5. Pacing
A break between chapters or sections is like a cut between scenes in a film. The presentation stops, then starts up again. It can start up in the next second, or half an hour, a day, a month or a year later. (Sometimes it can go backwards in time, but that’s another issue.) We pick up the new time as we pick up the story again.
If you need time to pass, it’s very easy to let it leak out through the gaps between chapters and sections. Time moves on in the intervals when we weren’t watching.
For a large lapse of time, it helps if you can make a double break with an intervening chapter or section. For example, the story of Alma and Dorey breaks off in June, we spend a chapter following the story of Dirk and Torri, then come back to the story of Alma and Dorey—three months later. When you have multiple narrative strands for cross-cutting between, it’s easy to let time lapse.
The intervening material principle also works within scenes. Take the journey across a landscape.

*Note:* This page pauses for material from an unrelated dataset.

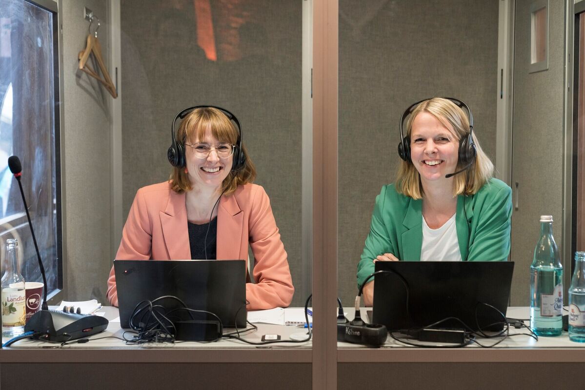 Typische Arbeitssituation: Monika Ott beim simultanen Dolmetschen in einer Kabine. Beruflich benutzt sie Englisch, Schwedisch und natürlich Deutsch. Wer Dolmetscher werden will, muss das sprachliche Talent dazu schon mitbringen. Sie spricht darüber hinaus noch einige weitere Sprachen. FOTO: PRIVAT

Arina looks up and sees an oddly shaped rock in the distance; then lapses into her own thoughts about the family she’s left behind, the welcome she hopes to receive at the end of her quest, whatever … when she comes back to the outside world, hey presto! she’s so close to the rock she can see that it’s actually a sculpture in the shape of a gigantic eagle.
The thoughts you gave her wouldn’t actually have lasted for the whole time she’d have taken to walk all that distance. Nonetheless, we accept that time slipped by while our attention was elsewhere.
An interlude of dialogue can work in the same way. After Harry has hammered in the first tent peg, Cath could chat to him talking to him about what to cook up for dinner. Meanwhile, he continues to work, undescribed, and we come back to the action only as he finishes hammering in the last peg.
Again, it doesn’t matter whether the dialogue is really long enough to cover the whole period of time needed for the job.